* Exercise requirements *
The whole listing below must be printed again exactly, images excluded.

##### The data #####

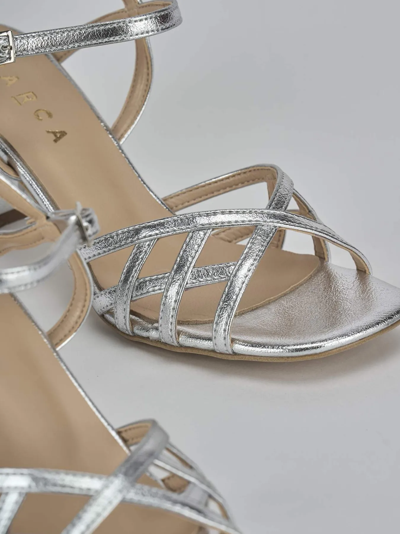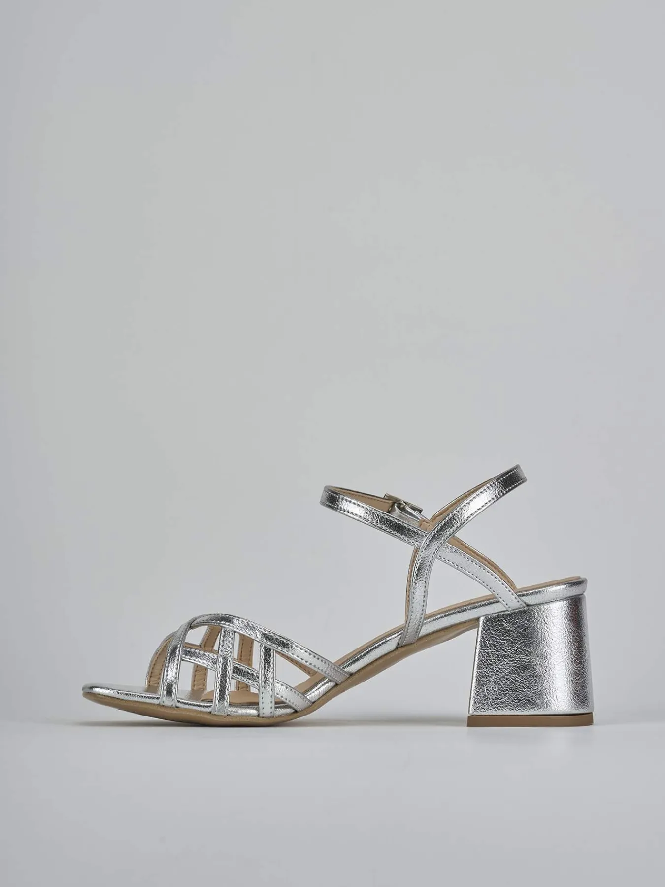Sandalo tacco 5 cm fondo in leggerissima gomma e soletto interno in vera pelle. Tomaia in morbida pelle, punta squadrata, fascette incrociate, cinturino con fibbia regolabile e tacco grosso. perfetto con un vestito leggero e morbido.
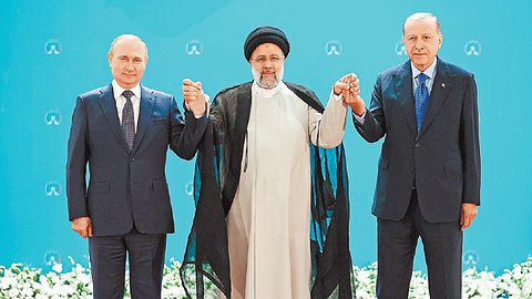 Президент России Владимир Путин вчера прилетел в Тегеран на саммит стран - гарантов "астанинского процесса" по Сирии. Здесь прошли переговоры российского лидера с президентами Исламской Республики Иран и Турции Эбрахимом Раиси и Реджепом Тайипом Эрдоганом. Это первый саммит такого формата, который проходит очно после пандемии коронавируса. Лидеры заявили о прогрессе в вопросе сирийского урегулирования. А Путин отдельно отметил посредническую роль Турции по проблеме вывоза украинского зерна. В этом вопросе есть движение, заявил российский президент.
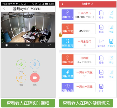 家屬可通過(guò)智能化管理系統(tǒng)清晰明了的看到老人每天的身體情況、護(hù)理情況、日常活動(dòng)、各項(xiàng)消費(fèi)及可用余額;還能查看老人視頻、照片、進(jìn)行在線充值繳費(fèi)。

#####

* Answer for this exercise *
Sandalo tacco 5 cm fondo in leggerissima gomma e soletto interno in vera pelle. Tomaia in morbida pelle, punta squadrata, fascette incrociate, cinturino con fibbia regolabile e tacco grosso. perfetto con un vestito leggero e morbido.
 Президент России Владимир Путин вчера прилетел в Тегеран на саммит стран - гарантов "астанинского процесса" по Сирии. Здесь прошли переговоры российского лидера с президентами Исламской Республики Иран и Турции Эбрахимом Раиси и Реджепом Тайипом Эрдоганом. Это первый саммит такого формата, который проходит очно после пандемии коронавируса. Лидеры заявили о прогрессе в вопросе сирийского урегулирования. А Путин отдельно отметил посредническую роль Турции по проблеме вывоза украинского зерна. В этом вопросе есть движение, заявил российский президент.
 家屬可通過(guò)智能化管理系統(tǒng)清晰明了的看到老人每天的身體情況、護(hù)理情況、日常活動(dòng)、各項(xiàng)消費(fèi)及可用余額;還能查看老人視頻、照片、進(jìn)行在線充值繳費(fèi)。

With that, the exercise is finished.